Restate the records in full and exactly, with no images included.

* [Exercise data]:
━━━━━━━━━━━━━━━━
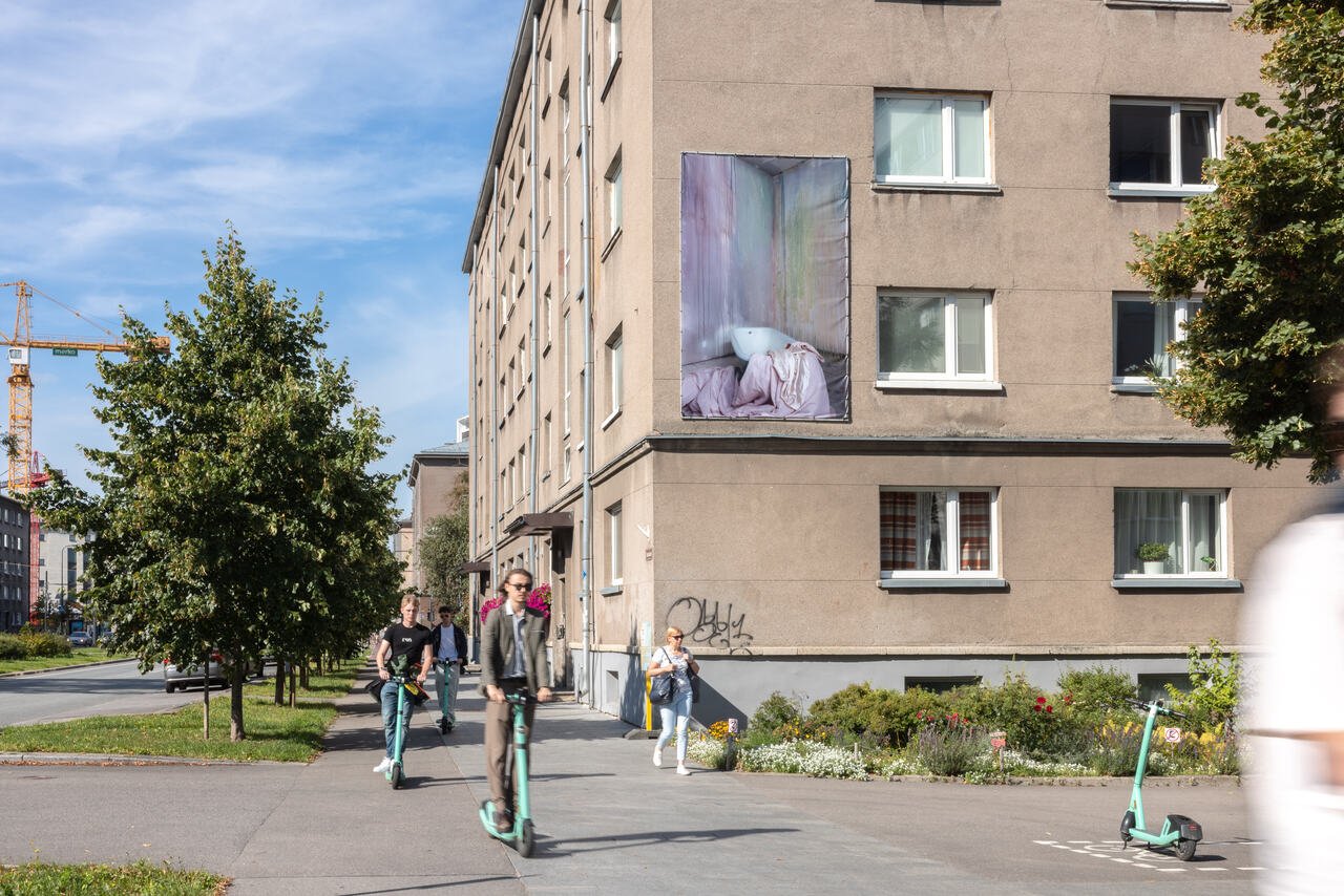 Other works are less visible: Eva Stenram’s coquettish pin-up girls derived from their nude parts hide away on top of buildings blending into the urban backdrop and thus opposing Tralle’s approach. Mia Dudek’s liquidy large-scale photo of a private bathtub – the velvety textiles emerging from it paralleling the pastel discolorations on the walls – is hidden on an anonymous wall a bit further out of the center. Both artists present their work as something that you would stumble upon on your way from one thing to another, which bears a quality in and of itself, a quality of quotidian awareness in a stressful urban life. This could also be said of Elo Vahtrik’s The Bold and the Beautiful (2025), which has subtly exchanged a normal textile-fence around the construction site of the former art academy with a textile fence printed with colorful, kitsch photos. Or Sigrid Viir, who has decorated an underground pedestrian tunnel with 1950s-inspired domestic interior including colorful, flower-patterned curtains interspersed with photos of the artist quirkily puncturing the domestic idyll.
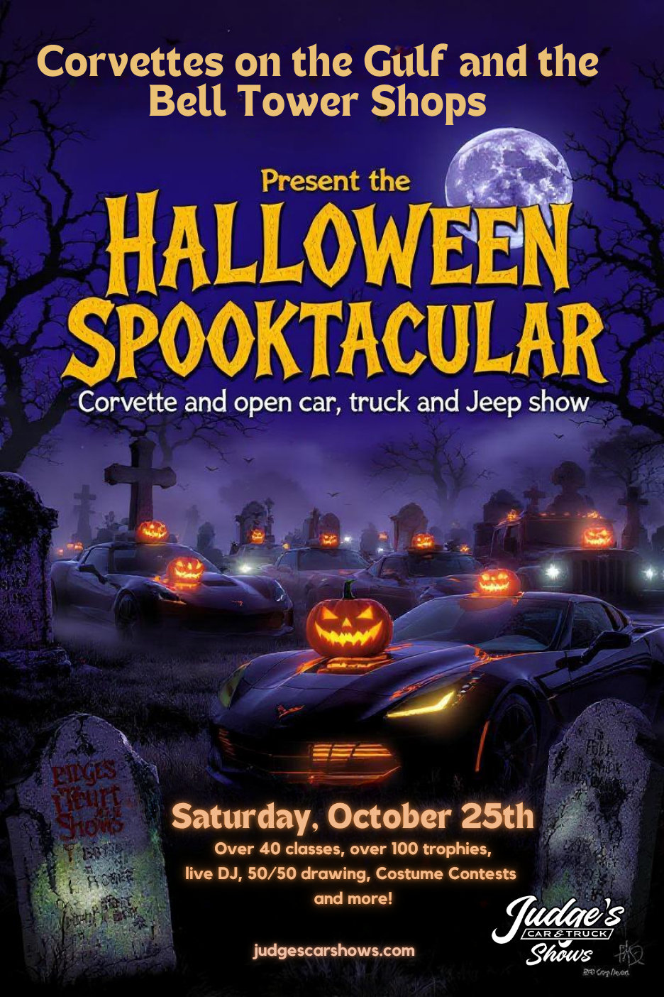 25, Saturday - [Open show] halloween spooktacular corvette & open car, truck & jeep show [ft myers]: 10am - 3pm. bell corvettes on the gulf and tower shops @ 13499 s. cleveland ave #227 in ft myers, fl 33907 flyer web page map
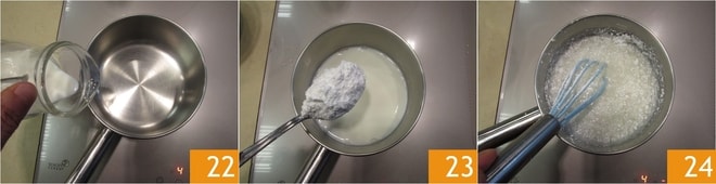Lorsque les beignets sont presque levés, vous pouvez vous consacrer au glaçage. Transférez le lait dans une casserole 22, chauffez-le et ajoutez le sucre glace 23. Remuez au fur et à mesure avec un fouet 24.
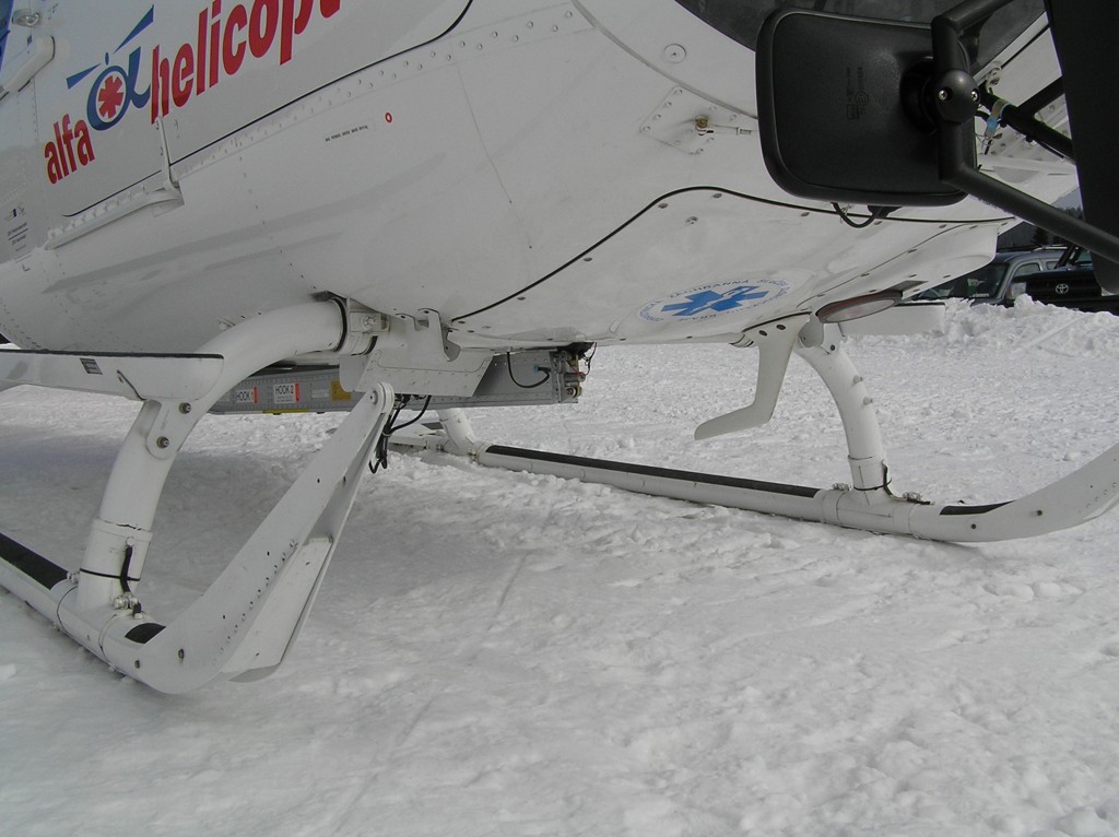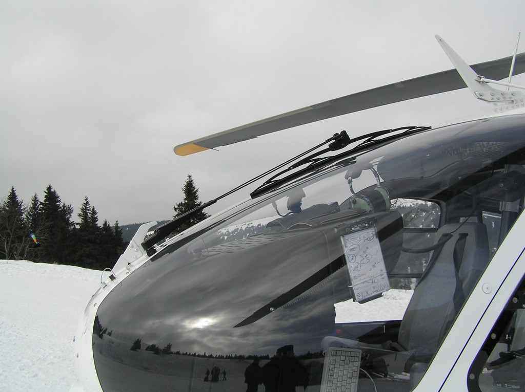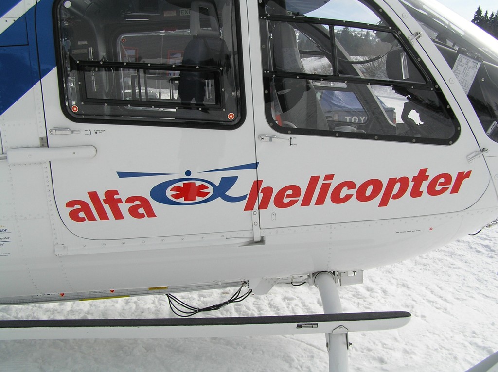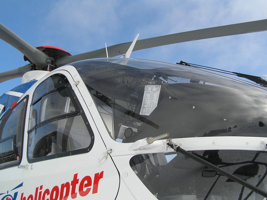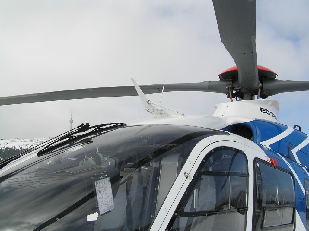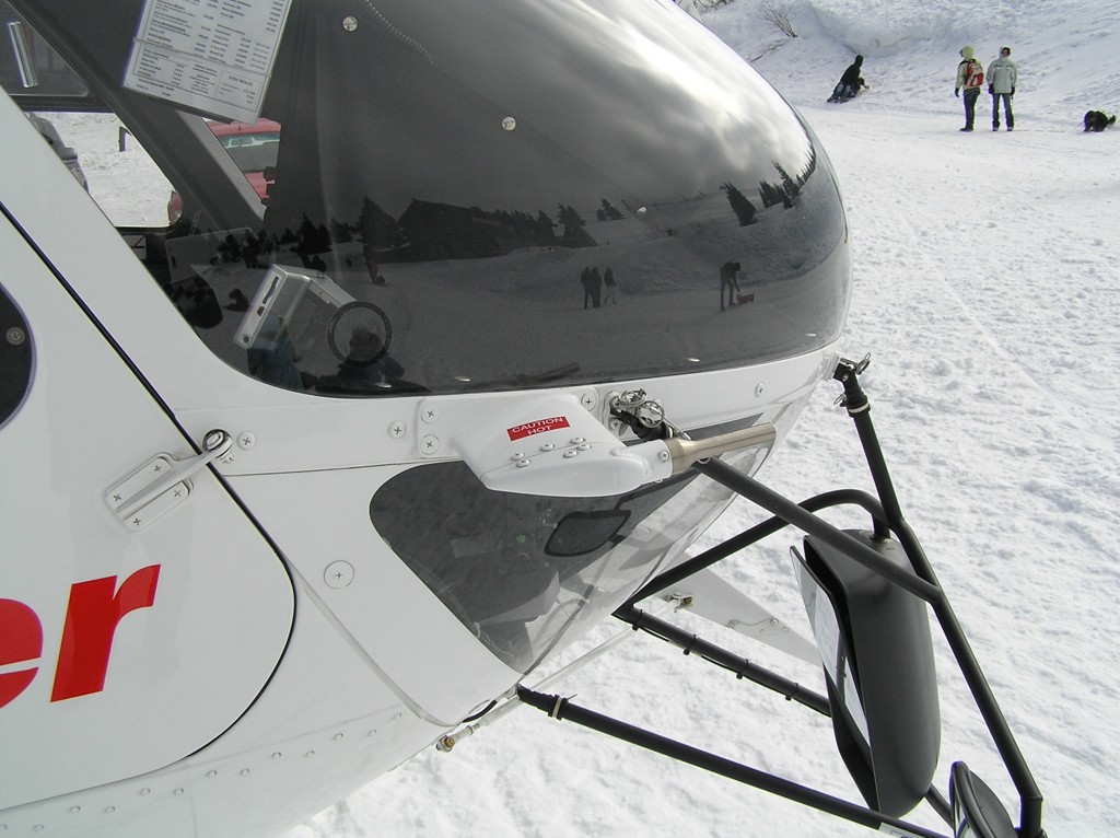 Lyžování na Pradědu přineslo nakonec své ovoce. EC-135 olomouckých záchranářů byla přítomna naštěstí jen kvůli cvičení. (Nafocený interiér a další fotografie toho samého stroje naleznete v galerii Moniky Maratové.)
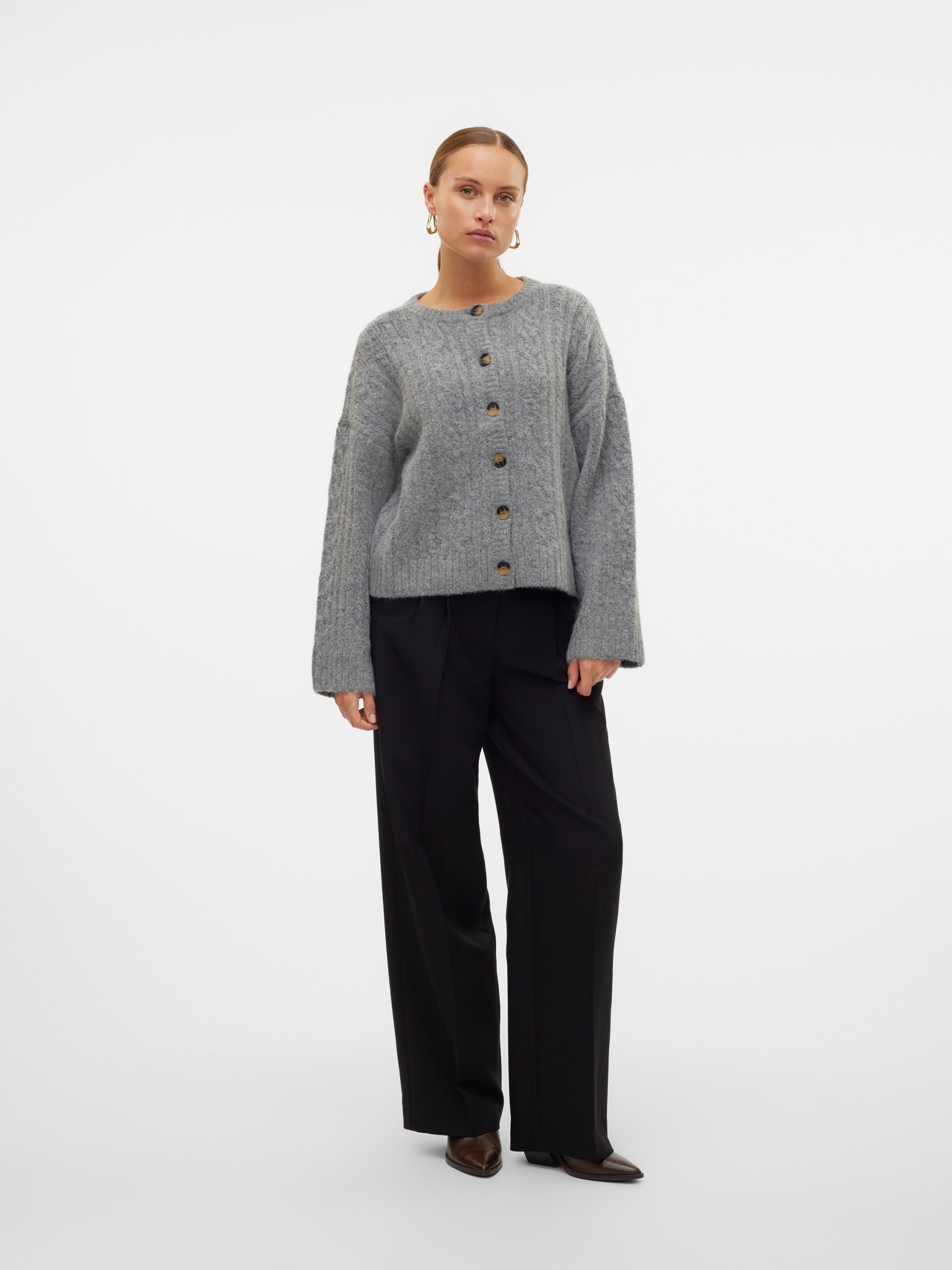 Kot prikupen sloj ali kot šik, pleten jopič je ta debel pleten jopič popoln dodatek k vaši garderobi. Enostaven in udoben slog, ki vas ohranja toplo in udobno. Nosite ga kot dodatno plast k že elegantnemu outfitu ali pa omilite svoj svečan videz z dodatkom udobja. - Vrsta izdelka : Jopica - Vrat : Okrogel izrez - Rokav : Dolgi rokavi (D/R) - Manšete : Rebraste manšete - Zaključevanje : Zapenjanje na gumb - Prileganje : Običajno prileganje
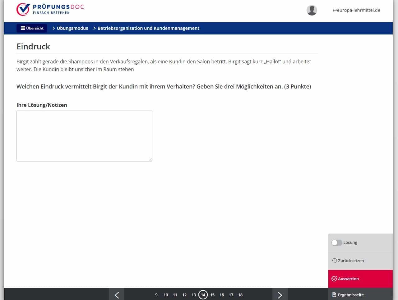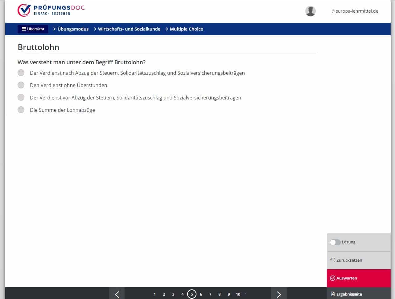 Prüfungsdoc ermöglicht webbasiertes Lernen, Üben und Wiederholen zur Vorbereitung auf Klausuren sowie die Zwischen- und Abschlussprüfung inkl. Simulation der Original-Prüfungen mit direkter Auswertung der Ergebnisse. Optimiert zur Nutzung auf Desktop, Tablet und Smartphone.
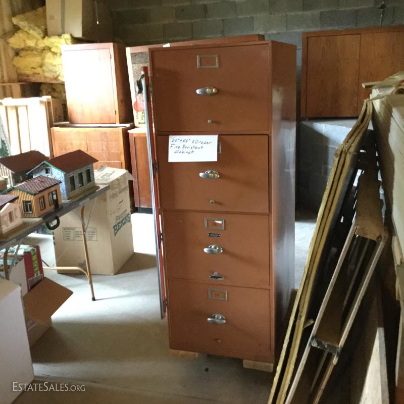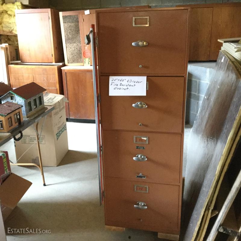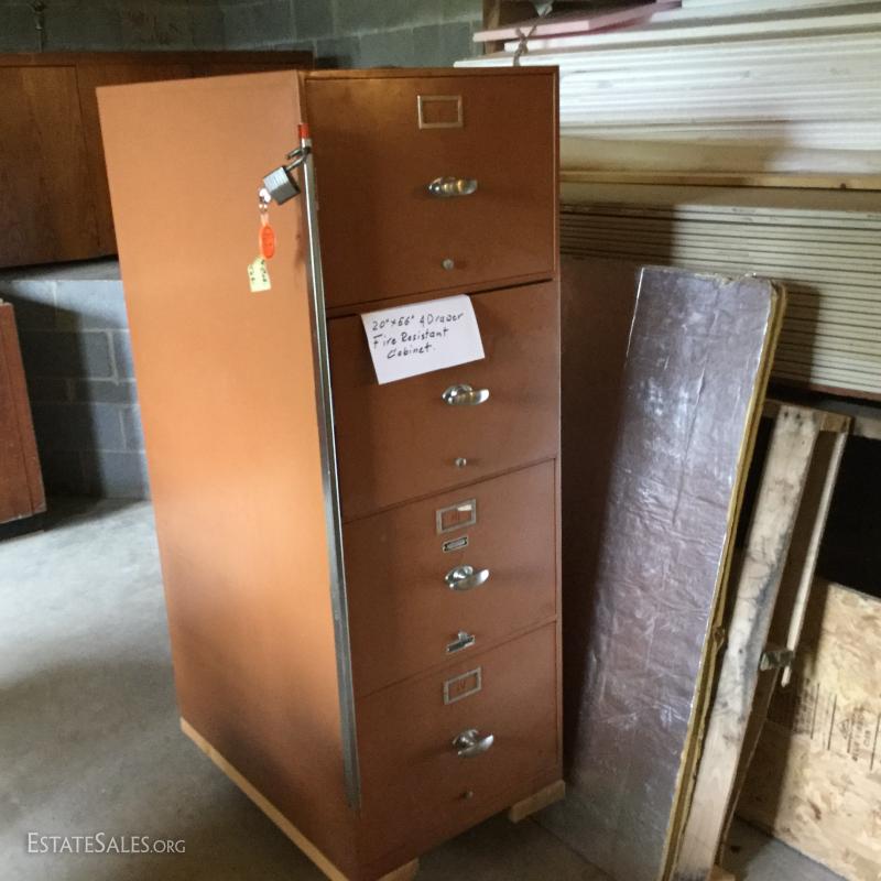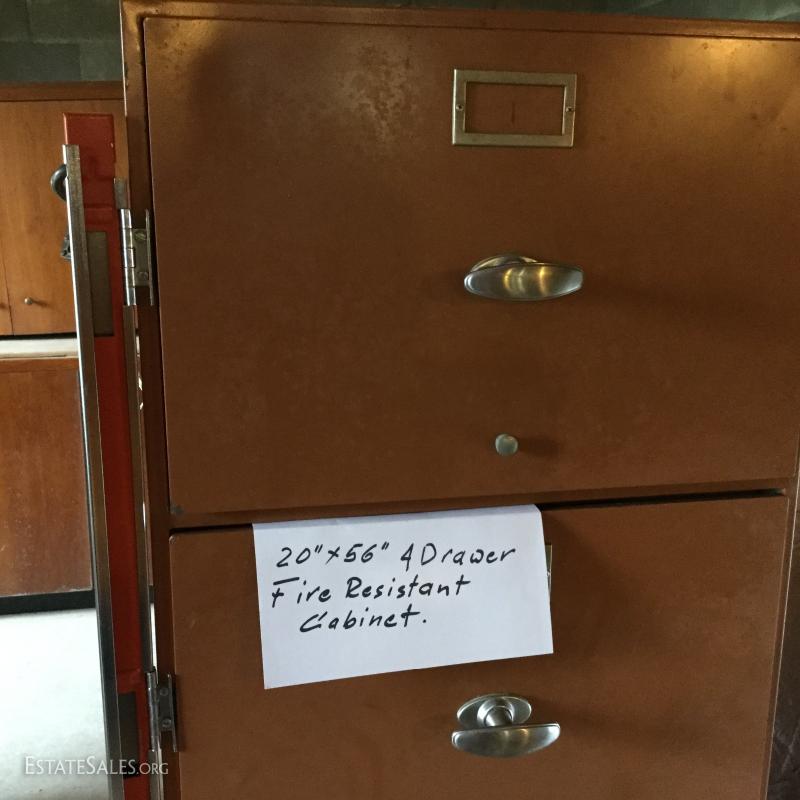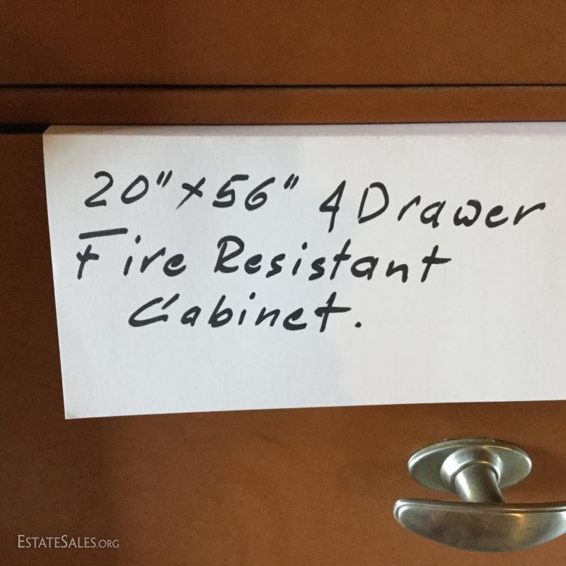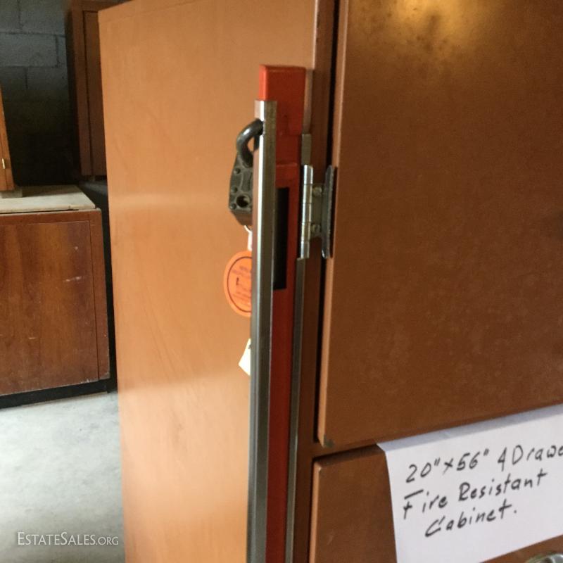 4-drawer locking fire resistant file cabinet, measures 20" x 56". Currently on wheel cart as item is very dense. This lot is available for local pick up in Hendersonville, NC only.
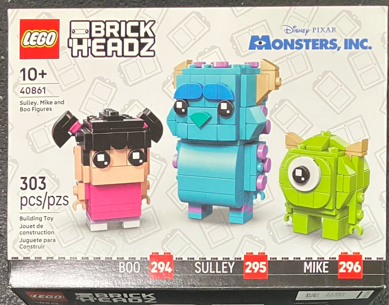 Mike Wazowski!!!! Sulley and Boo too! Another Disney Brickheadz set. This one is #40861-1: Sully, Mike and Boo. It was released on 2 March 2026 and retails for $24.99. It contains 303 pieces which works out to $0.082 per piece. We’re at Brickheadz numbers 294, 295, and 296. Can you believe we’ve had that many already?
━━━━━━━━━━━━━━━━
* [Response to this exercise]:
 Other works are less visible: Eva Stenram’s coquettish pin-up girls derived from their nude parts hide away on top of buildings blending into the urban backdrop and thus opposing Tralle’s approach. Mia Dudek’s liquidy large-scale photo of a private bathtub – the velvety textiles emerging from it paralleling the pastel discolorations on the walls – is hidden on an anonymous wall a bit further out of the center. Both artists present their work as something that you would stumble upon on your way from one thing to another, which bears a quality in and of itself, a quality of quotidian awareness in a stressful urban life. This could also be said of Elo Vahtrik’s The Bold and the Beautiful (2025), which has subtly exchanged a normal textile-fence around the construction site of the former art academy with a textile fence printed with colorful, kitsch photos. Or Sigrid Viir, who has decorated an underground pedestrian tunnel with 1950s-inspired domestic interior including colorful, flower-patterned curtains interspersed with photos of the artist quirkily puncturing the domestic idyll.
 25, Saturday - [Open show] halloween spooktacular corvette & open car, truck & jeep show [ft myers]: 10am - 3pm. bell corvettes on the gulf and tower shops @ 13499 s. cleveland ave #227 in ft myers, fl 33907 flyer web page map
Lorsque les beignets sont presque levés, vous pouvez vous consacrer au glaçage. Transférez le lait dans une casserole 22, chauffez-le et ajoutez le sucre glace 23. Remuez au fur et à mesure avec un fouet 24.
 Lyžování na Pradědu přineslo nakonec své ovoce. EC-135 olomouckých záchranářů byla přítomna naštěstí jen kvůli cvičení. (Nafocený interiér a další fotografie toho samého stroje naleznete v galerii Moniky Maratové.)
 Kot prikupen sloj ali kot šik, pleten jopič je ta debel pleten jopič popoln dodatek k vaši garderobi. Enostaven in udoben slog, ki vas ohranja toplo in udobno. Nosite ga kot dodatno plast k že elegantnemu outfitu ali pa omilite svoj svečan videz z dodatkom udobja. - Vrsta izdelka : Jopica - Vrat : Okrogel izrez - Rokav : Dolgi rokavi (D/R) - Manšete : Rebraste manšete - Zaključevanje : Zapenjanje na gumb - Prileganje : Običajno prileganje
 Prüfungsdoc ermöglicht webbasiertes Lernen, Üben und Wiederholen zur Vorbereitung auf Klausuren sowie die Zwischen- und Abschlussprüfung inkl. Simulation der Original-Prüfungen mit direkter Auswertung der Ergebnisse. Optimiert zur Nutzung auf Desktop, Tablet und Smartphone.
 4-drawer locking fire resistant file cabinet, measures 20" x 56". Currently on wheel cart as item is very dense. This lot is available for local pick up in Hendersonville, NC only.
 Mike Wazowski!!!! Sulley and Boo too! Another Disney Brickheadz set. This one is #40861-1: Sully, Mike and Boo. It was released on 2 March 2026 and retails for $24.99. It contains 303 pieces which works out to $0.082 per piece. We’re at Brickheadz numbers 294, 295, and 296. Can you believe we’ve had that many already?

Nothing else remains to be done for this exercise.